Effettivamente, Teresa ci stimola, con il suo esempio e con la sua dottrina,
ad avere uno sguardo fisso al culmine di « desideri immensi ».
Con occhi di aquila che la fede trapianta nel volto della nostra anima,
possiamo visualizzare i picchi senza fine delle « speranze che si dilatano
all'infinito».
Mi sembra che il compendio migliore di queste pagine sia l'atteggiamento di
speranza.
Proprio nella speranza è contenuta la sintesi migliore dell'esempio di Teresa
di Lisieux, in quanto modello di sviluppo umano. Quella speranza che ci fa
nutrire desideri immensi mentre suscita contemporaneamente fiducia e
gioia, per indurci ad agire con entusiasmo, ottimismo e creatività.
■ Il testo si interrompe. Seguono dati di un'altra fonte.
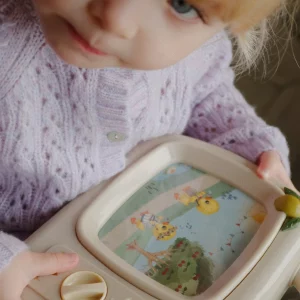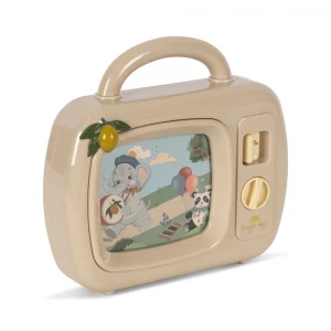 My Melody TV es un encantador televisor musical diseñado especialmente para los más pequeños. Al girar el botón en sentido contrario a las agujas del reloj, la pantalla cobra vida con dulces imágenes en movimiento que acompañan una suave melodía relajante.
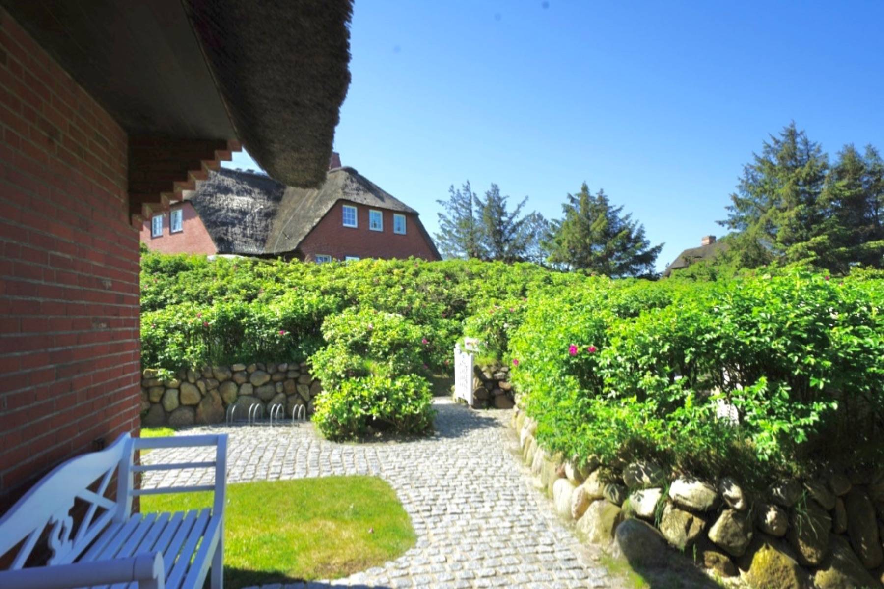 Am Ende eines schmalen Privatweges, der sich durch Syltrosen schlängelt, ist dieses schöne Feriendomizil gelegen. Fußläufig vom eingewachsenen Garten entfernt erreichen Sie das in Sichtweite liegende Wattenmeer, sowie die offene Nordsee mit dem Roten Kliff. Eine Konstellation, die nur selten auf der Insel zu finden ist. Nur ein kurzer Fußweg ist es in den pulsierenden Strönwai, die „Whiskymeile“, und das Zentrum des Dorfes mit seinen legendären Adressen, jungen Hotspots, zahlreichen Antiquitätenhändlern und dem Shopping-Angebot auf Weltstadtniveau. Besuchen Sie exklusive Labels wie Bulgari, Juwelier Wempe, Iris von Armin, Liebeskind, Windsor, Joop und Co. in der Ortsmitte von Kampen und genießen Sie ein exquisites Shopping-Erlebnis.

Questo tipo di speranza si dimostra fondamentale non solo per lo sviluppo
umano ma anche per la crescita delle comunità e delle istituzioni, in modo
da forgiare una storia più umana in questo nuovo millennio, soprattutto per
conseguire la pienezza spirituale mediante l'unione di amore con Gesù e con
tutti gli uomini, al calore della Tenerezza di Dio Padre, che è il suo Spirito.